- We discussed both 25 and 50 bps
- There are some mixed signals in the economic data
- We cut by 50 bps for 2 reasons: 1) We no longer need policy that's clearly in restrictive territory. 2) All the data tilts towards a softer economic outlook for GDP growth compared to October estimates
- Cites lower immigration targets as a reason to suspect lower growth
- The threat of tariffs on Canada is a major source of uncertainty but we don't know if they will be implemented
- We can't run policy on something that might happen
- We are in excess supply, the economy has been soft
- We haven't seen widespread job losses like you would typically see in a recession
- Most of the 'weakness' in the Canadian dollar is appreciation in the US dollar
- We will have to factor in Canadian dollar weakness into forecasts
- We will keep an eye on how immigration and rate cuts compete in the housing market
- We are not expecting a recession
- Asked about ongoing cuts, cites 175 bps in cuts "that's a lot"

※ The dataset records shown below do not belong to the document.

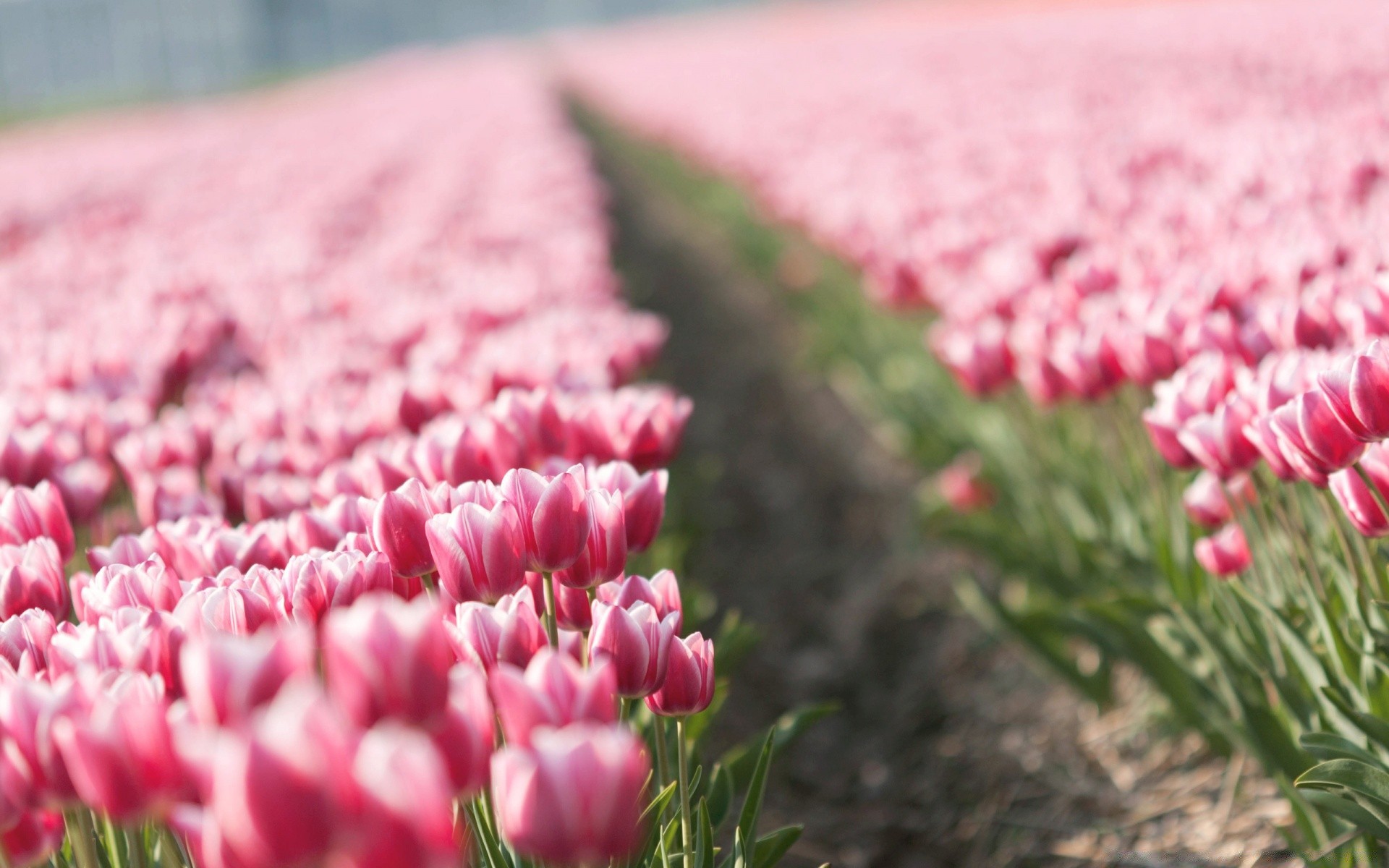A field of blooming tulips. pink flowers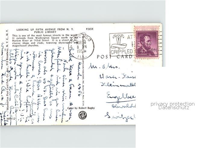 72389984 old postcard New York City Fifth Avenue from Public Library postalisch gelaufen Erhaltung siehe scans KatCode: 14140340000000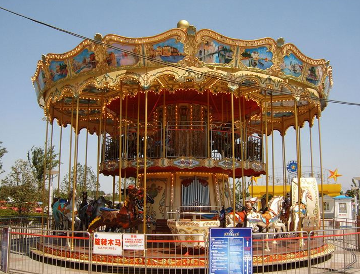 大型雙層旋轉(zhuǎn)木馬是一種垂直軸類單轉(zhuǎn)體起伏型游藝機(jī),是模擬跑馬廳的娛樂活動而設(shè)計的,該游藝機(jī)的上部設(shè)有彩色的錐形頂棚,頂棚的周圈裝有五彩繽紛的玻璃鋼裝飾板,更顯豪華氣派,儼如華麗的跑馬廳。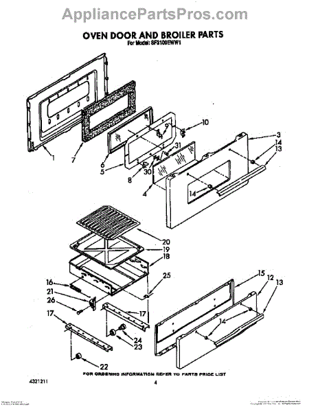 Parts for Whirlpool SF3100EWN1: 03 - Oven Door And Broiler Parts

- Cuts will be working their way through the economy
- Going forward, I expect we will be considering further cuts to rates
- If economy evolves as anticipated, we will be taking a 'more gradual approach'
- It will be 'more gradual' than the 50 bps we cut at the last two meetings
- We will be considering further reductions but we will take them one meeting at a time
- There is clearly some slack in the labor market
There isn't much of a hint on January rates here and the market is pricing in a 56% chance of a cut but only 61 bps in all of 2025 as the BOC lands between 2.50-2.75% at year end. I suspect we will end up lower than that but -- like the BOC -- we will have to wait to see the data. So far, Canadian consumer spending has held up better than expected. That said, the spring housing market is a big risk.
USD/CAD has mostly been unmoved during the press conference but USD/CAD is down 40 pips since the BOC decision to 1.4140.